## [Your instructions]
Find the line containing "Na seriji fotografija" in the entries; transcribe it and all remaining lines through the end, exactly as they appear, but not the pictures.

━━━ Records provided ━━━

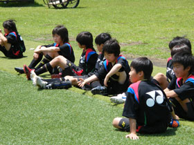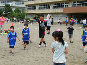 ミニゲームではみんなでボールに群がり、コートもライン関係なくどこまでも自由な子どもたちを仕切ったヤマ。ベテランならではの手腕を発揮していました
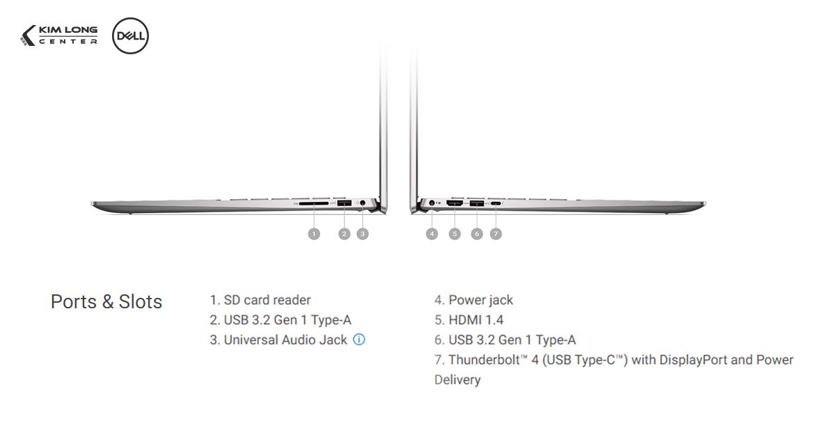 Dell Inspiron 14 5430 20DY3 cũng được trang bị các cổng kết nối đa dạng, bao gồm  HDMI 1.4, 2 cổng USB 3.2 Gen 1 Type-A và một cổng Universal Audio Jack. Nhờ vào những cổng này, bạn có thể kết nối dễ dàng với các thiết bị ngoại vi, màn hình và truyền dữ liệu một cách tiện lợi và linh hoạt.
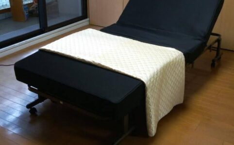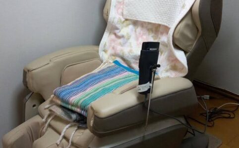 屏風がなくてスッキリした寝室。 が、ここで寝るわけではない。 で、マッサージ機を持ってきた。 アトリエ兼倉庫へ移動した屏風は縦長に置くことにした。 教材の棚のうしろに収まった、と言いたいが、ドアの出っ張りがあって20セン...
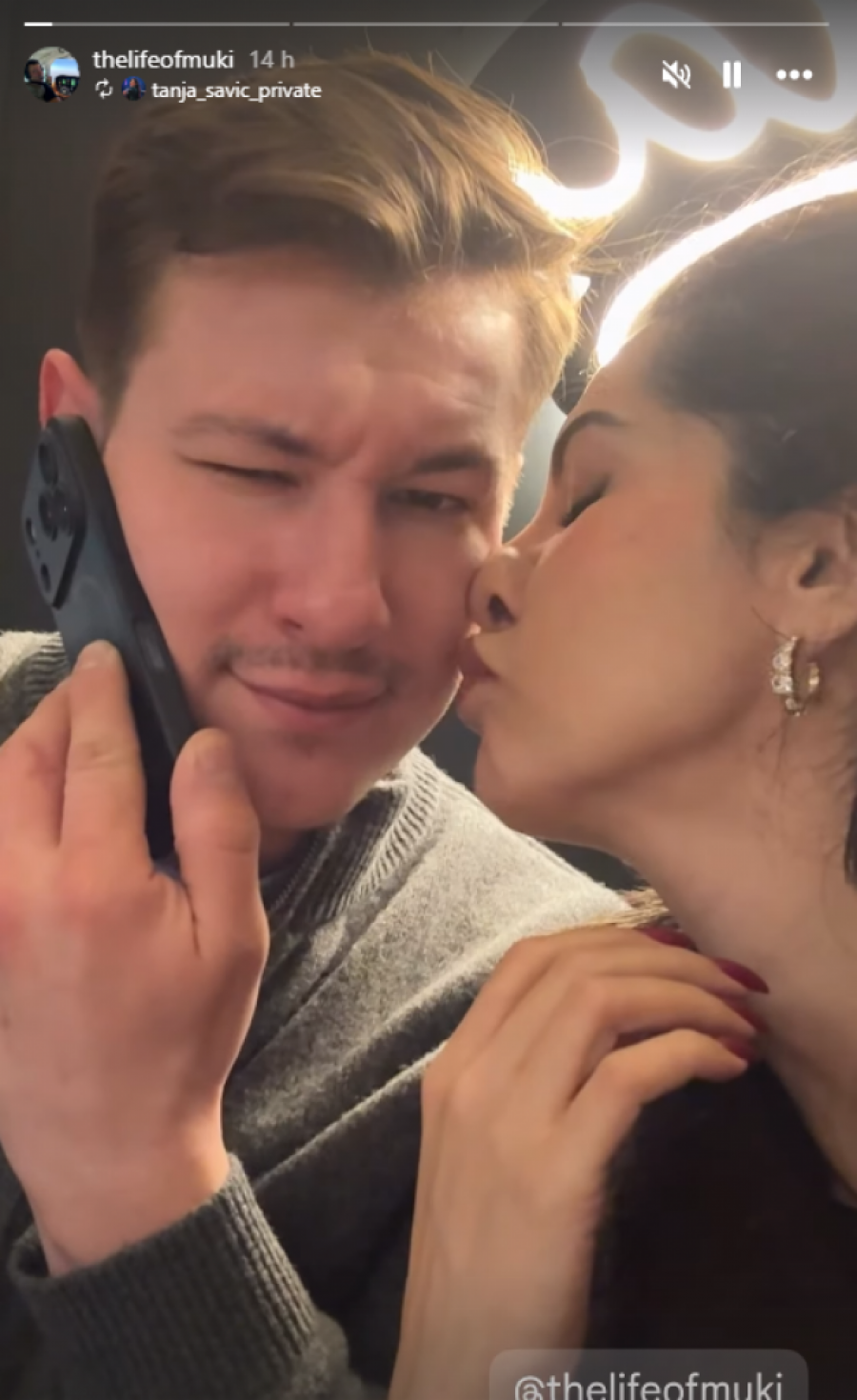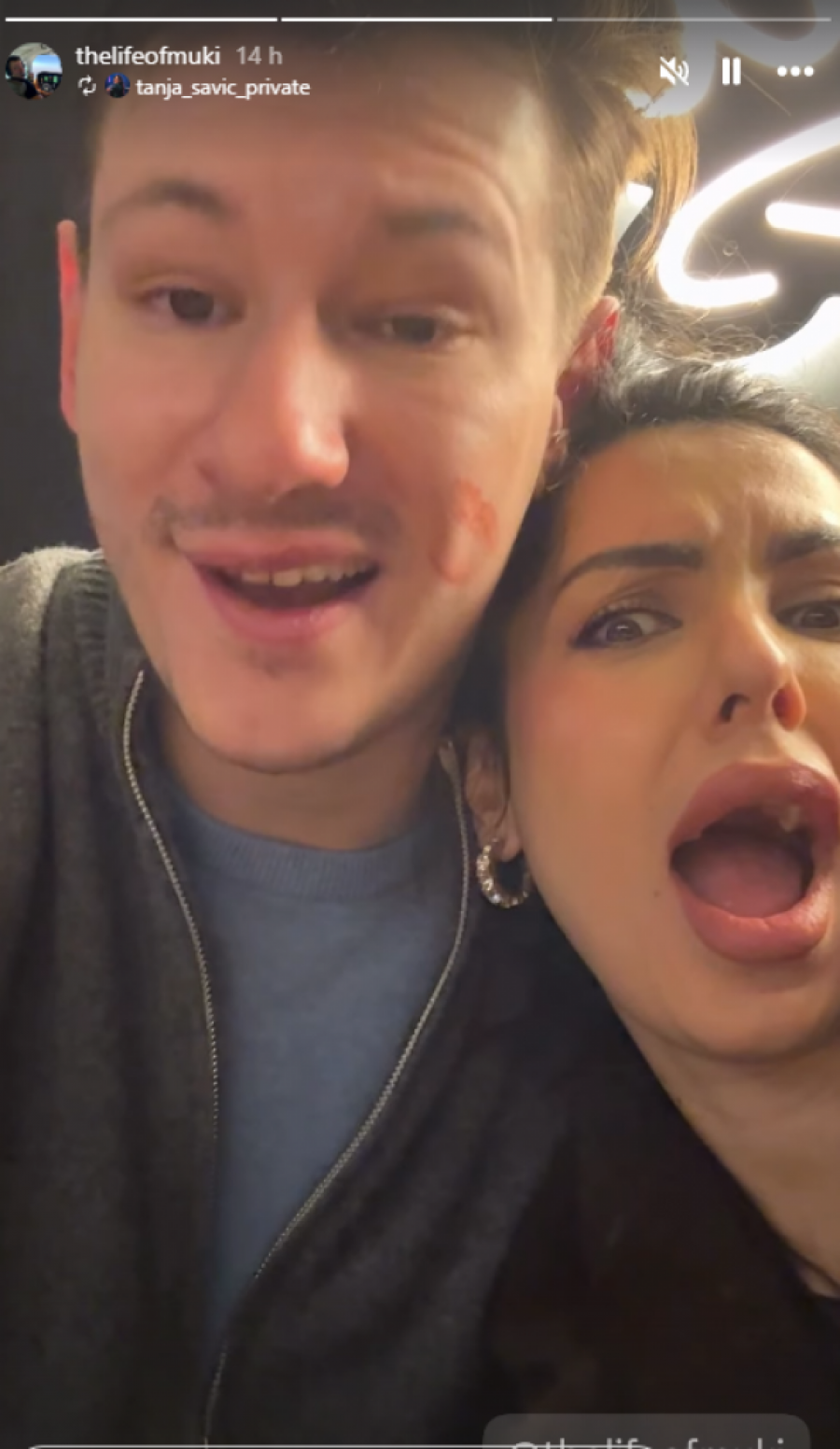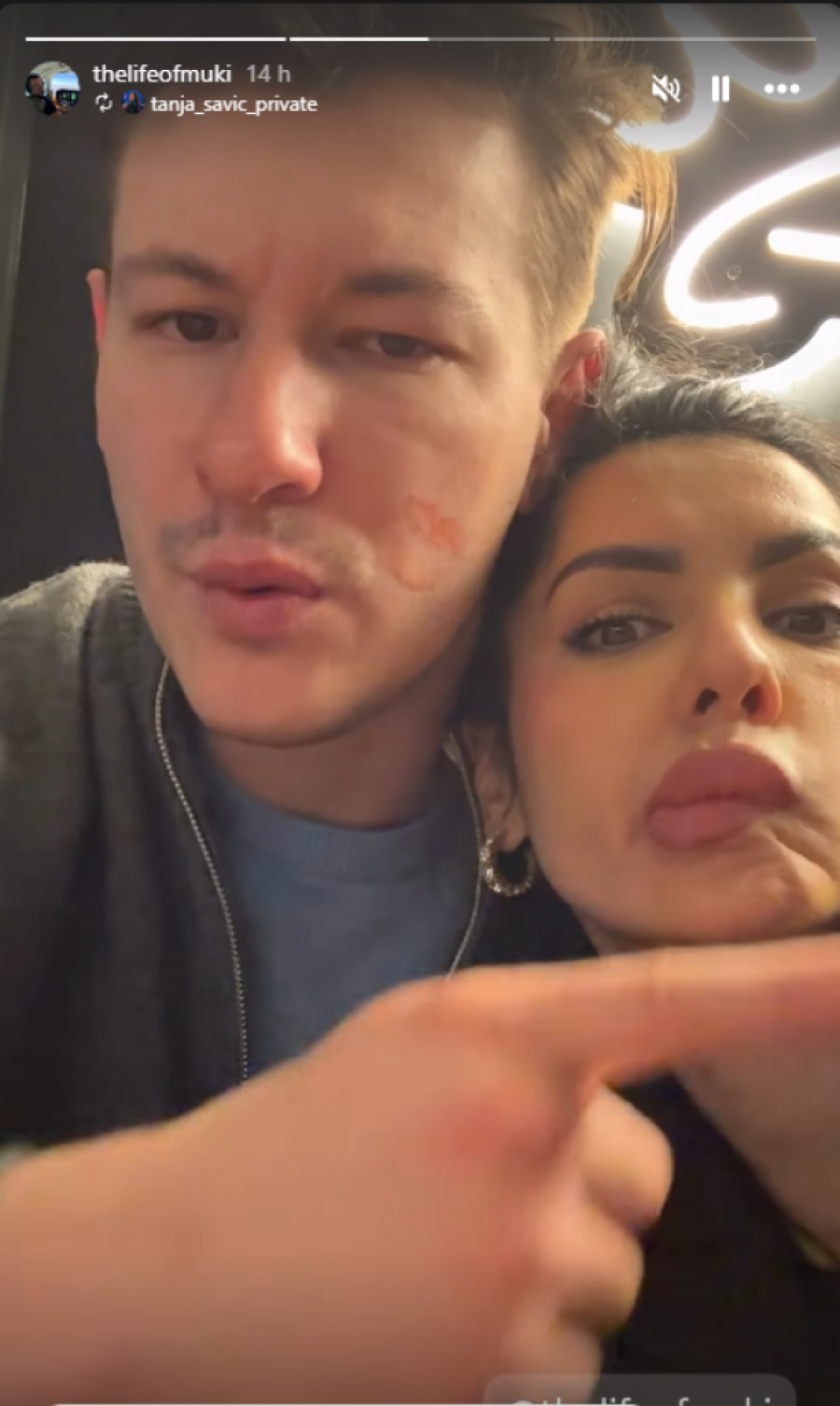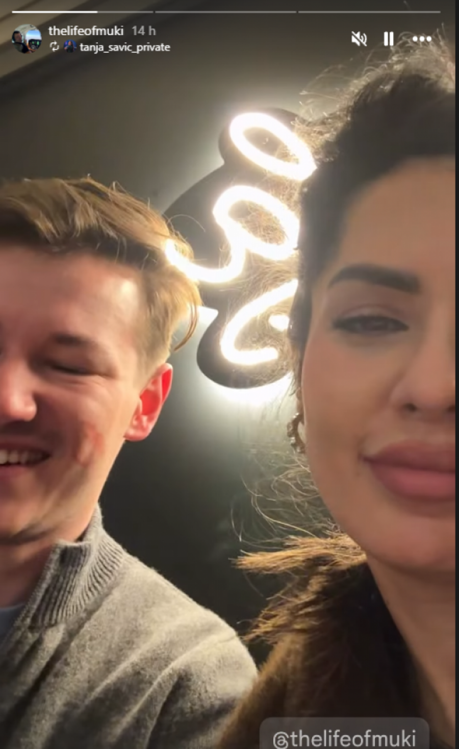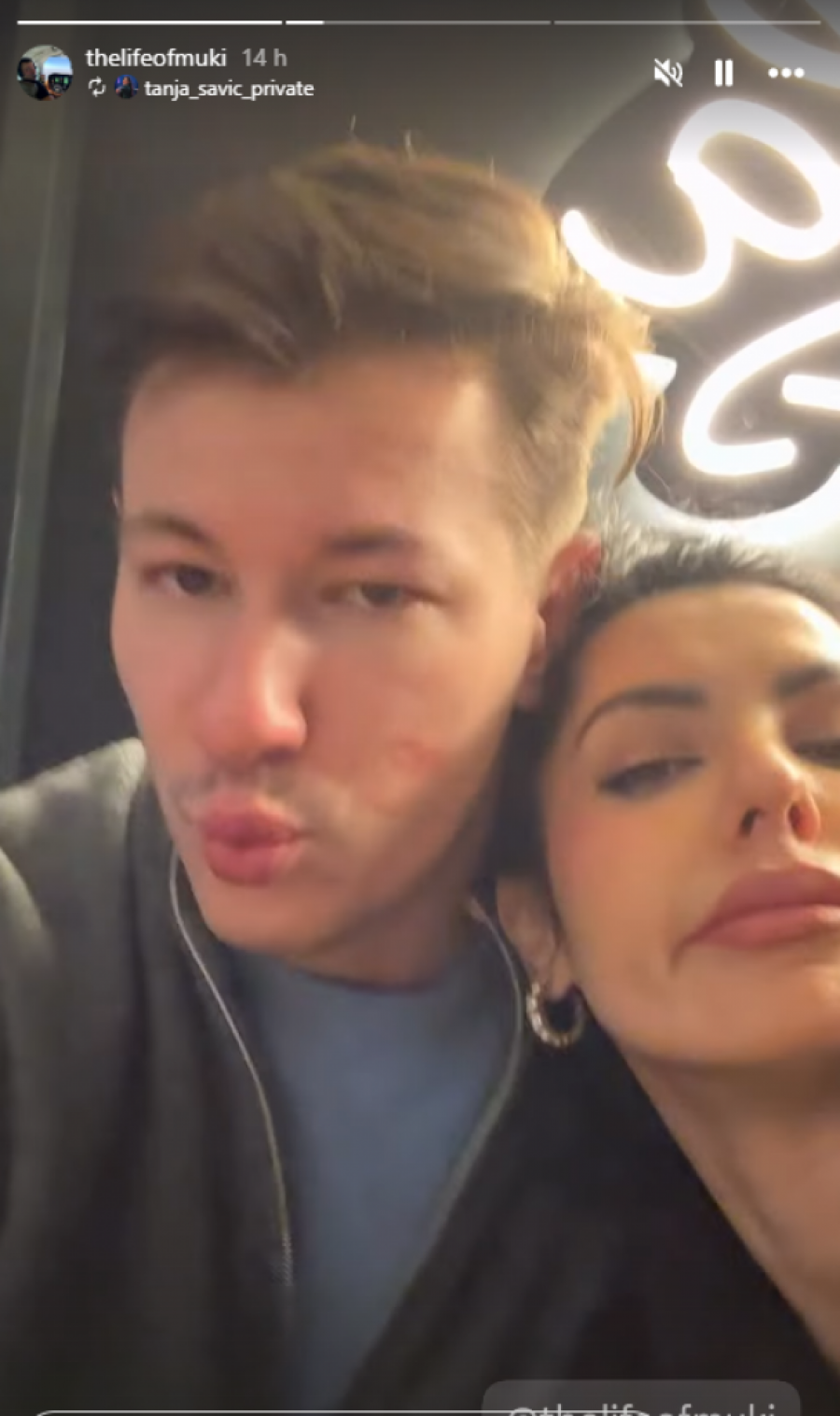 Na seriji fotografija koje su osvanule na njihovim storijima, jasno se vidi da se Tanja i Muki ne odvajaju, a pevačica je u naletu nežnosti odlučila da jasno stavi do znanja čiji je on muškarac. Dok je Muki pokušavao da obavi telefonski razgovor, Tanja ga je "napala" poljupcima, a rezultat je bio više nego očigledan - veliki trag crvenog karmina ostao je direktno na njegovom obrazu.
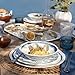 Includes (4) dinner plates, (4) accent plates, (4) all-purpose bowls, and (4) tumblers
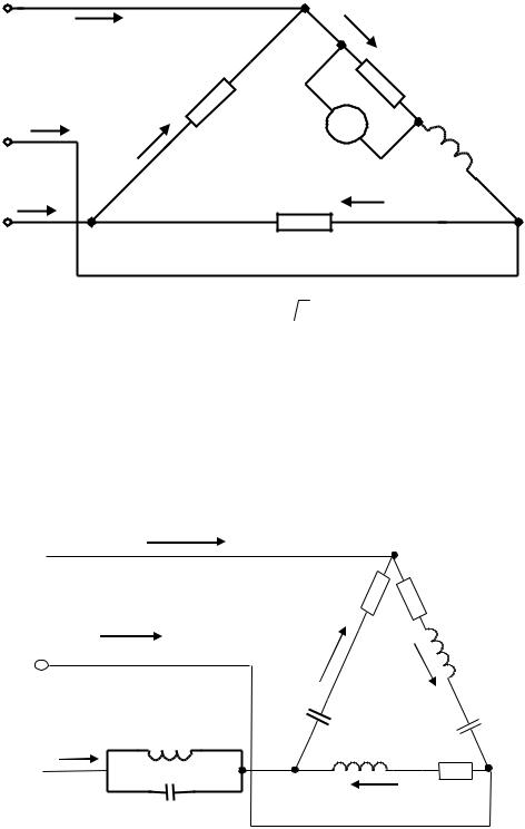 Определить все токи, показания вольтметра V1, фазные напряжения, активную, реактивную, полную мощности. Построить векторную диаграмму.
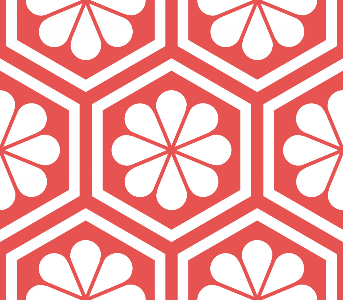- Geometric Pattern: Hexagon Flower: White/Red (Redbubble | Spoonflower)
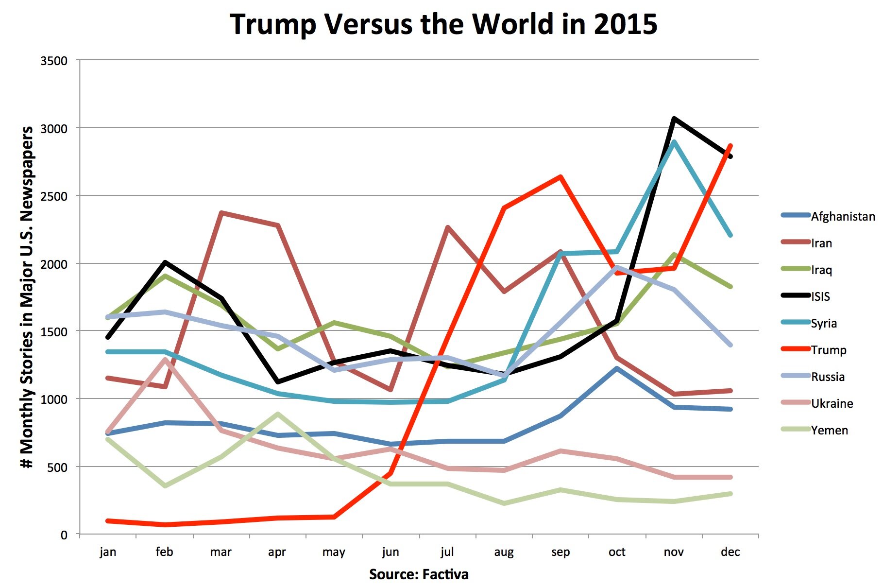 In 2015 we witnessed an astonishing sight: by the end of the year news coverage of Donald Trump in major U.S. newspapers eclipsed coverage of every major world hotspot and the dreaded Islamic State.
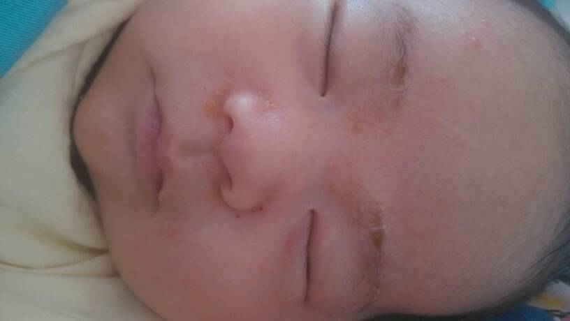 宝宝已过40天了、脸上长湿疹,特别是两眉毛上最严重、还结痂、另外红色上还有白色的小点点、不过看起来

━━━

## [Result of the exercise]
 Na seriji fotografija koje su osvanule na njihovim storijima, jasno se vidi da se Tanja i Muki ne odvajaju, a pevačica je u naletu nežnosti odlučila da jasno stavi do znanja čiji je on muškarac. Dok je Muki pokušavao da obavi telefonski razgovor, Tanja ga je "napala" poljupcima, a rezultat je bio više nego očigledan - veliki trag crvenog karmina ostao je direktno na njegovom obrazu.
 Includes (4) dinner plates, (4) accent plates, (4) all-purpose bowls, and (4) tumblers
 Определить все токи, показания вольтметра V1, фазные напряжения, активную, реактивную, полную мощности. Построить векторную диаграмму.
- Geometric Pattern: Hexagon Flower: White/Red (Redbubble | Spoonflower)
 In 2015 we witnessed an astonishing sight: by the end of the year news coverage of Donald Trump in major U.S. newspapers eclipsed coverage of every major world hotspot and the dreaded Islamic State.
 宝宝已过40天了、脸上长湿疹,特别是两眉毛上最严重、还结痂、另外红色上还有白色的小点点、不过看起来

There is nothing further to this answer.